The right to health is understood as the right to have access to health services. However, it is not an absolute right, as such, to be in good health. The WHO defines health services as all activities intended to restore and maintain health. One therefore has to include vaccinations, medical care, but also sanitary services related to water and hygiene, and a clean environment under this heading, as well as all activities ensuring access to food resources. Those “underlying determinants of health” imply consideration of the right to health in a broader perspective, which is the basis of Article 25 of the Universal Declaration of Human Rights.

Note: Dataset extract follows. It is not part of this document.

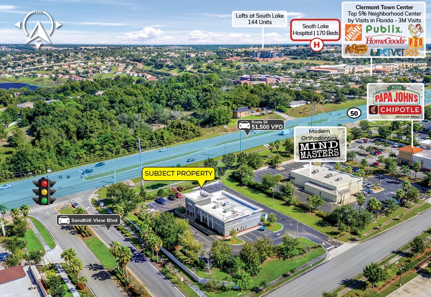 Built in 2008, this Verizon Wireless location has operated continuously for over 15 years and is secured by a net lease with over four years of term remaining. The property is shadow-anchored by major national retailers, including Lowe’s, Hobby Lobby, and Crunch (coming soon), with this Lowe’s ranking in the top 14% of stores nationwide by visits. Situated at a signalized intersection on Route 50 with over 51,500 vehicles per day and just 0.6 miles from Highway 27(47,500 VDP), the site benefits from high traffic exposure. It is surrounded by strong-performing shopping centers, such as Clermont Town Center and Clermont Landing, which attract millions of visitors annually. Located in one of Central Florida’s fastest-growing cities, the population within a five-mile radius has grown over 41% since 2010, with continued strong growth projected.

The corollary of this right is the idea that states are responsible for adopting appropriate sanitary and social measures for the populations to have effective access to health services. Such obligations are found in several legal instruments, including the International Covenant on Economic, Social and Cultural Rights (Articles 12, 24), the International Convention on the Elimination of All Forms of Racial Discrimination (Article 5), the Convention on the Elimination of All Forms of Discrimination Against Women (Articles 10, 12, and 14), the Convention on the Rights of the Child (Article 24).

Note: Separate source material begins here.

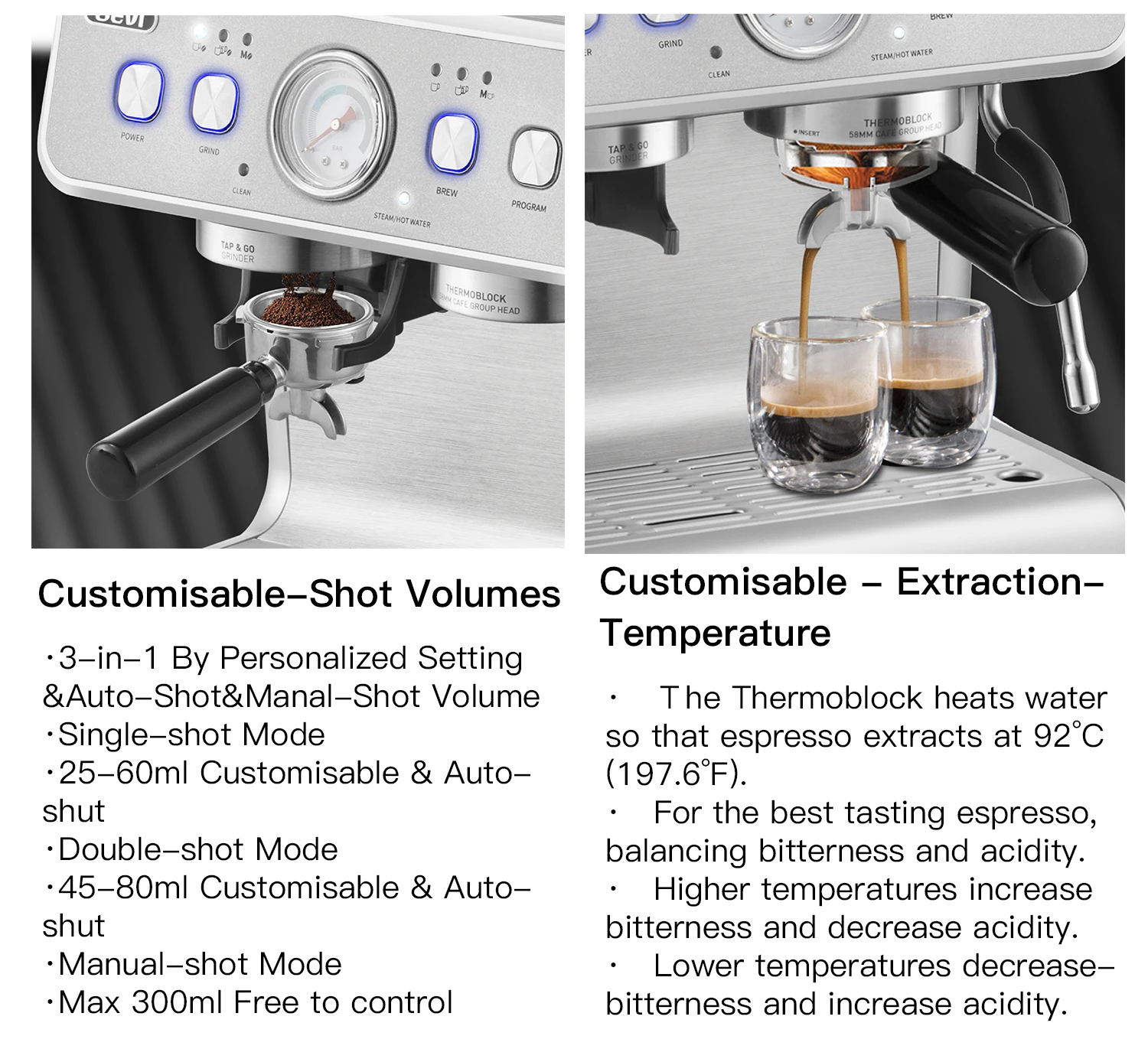 Gevi Barista Espresso Machine 20Bar Semi Automatic Espresso Machine Gevi Home Barista Espresso Machine With 20 bars of pressure, dual temperature. A good choice for coffee lovers. With its 20 bar professional italian pump and 1100w powerful pressure, gevi espresso machine extracts coffee with maximum flavor. Gevi Home Barista Espresso Machine.
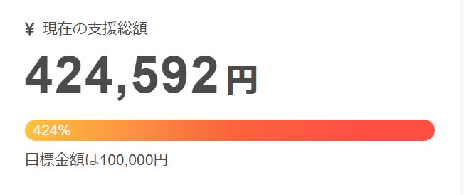 私たちのプロジェクトは、皆さまのご支援のおかげで、現在**424%**を達成しております!短期間でこれほどまで多くのご支援をいただき、驚きと感謝の気持ちでいっぱいです。本当にありがとうございます。

These legal instruments are applicable at all times, including during armed conflict. Within possible limits, medicine has always responded to the needs of injured persons and tried to limit the means and methods of warfare, including through describing and providing expertise to better understand the effects of weapons. In his work ‘On The Physician’, Hippocrates refers to war injuries as an area of surgical specialization. Based on reports of the consequences on health of the use of nuclear weapons, two physicians, a Russian and an American, launched the idea of an association of medical doctors to prevent a nuclear war. This idea was the origin of the creation of the organization called International Physicians for the Prevention of Nuclear War in Geneva. In 1985, this association received the Nobel Peace Prize for making people aware of the catastrophic consequences a nuclear conflict would entail.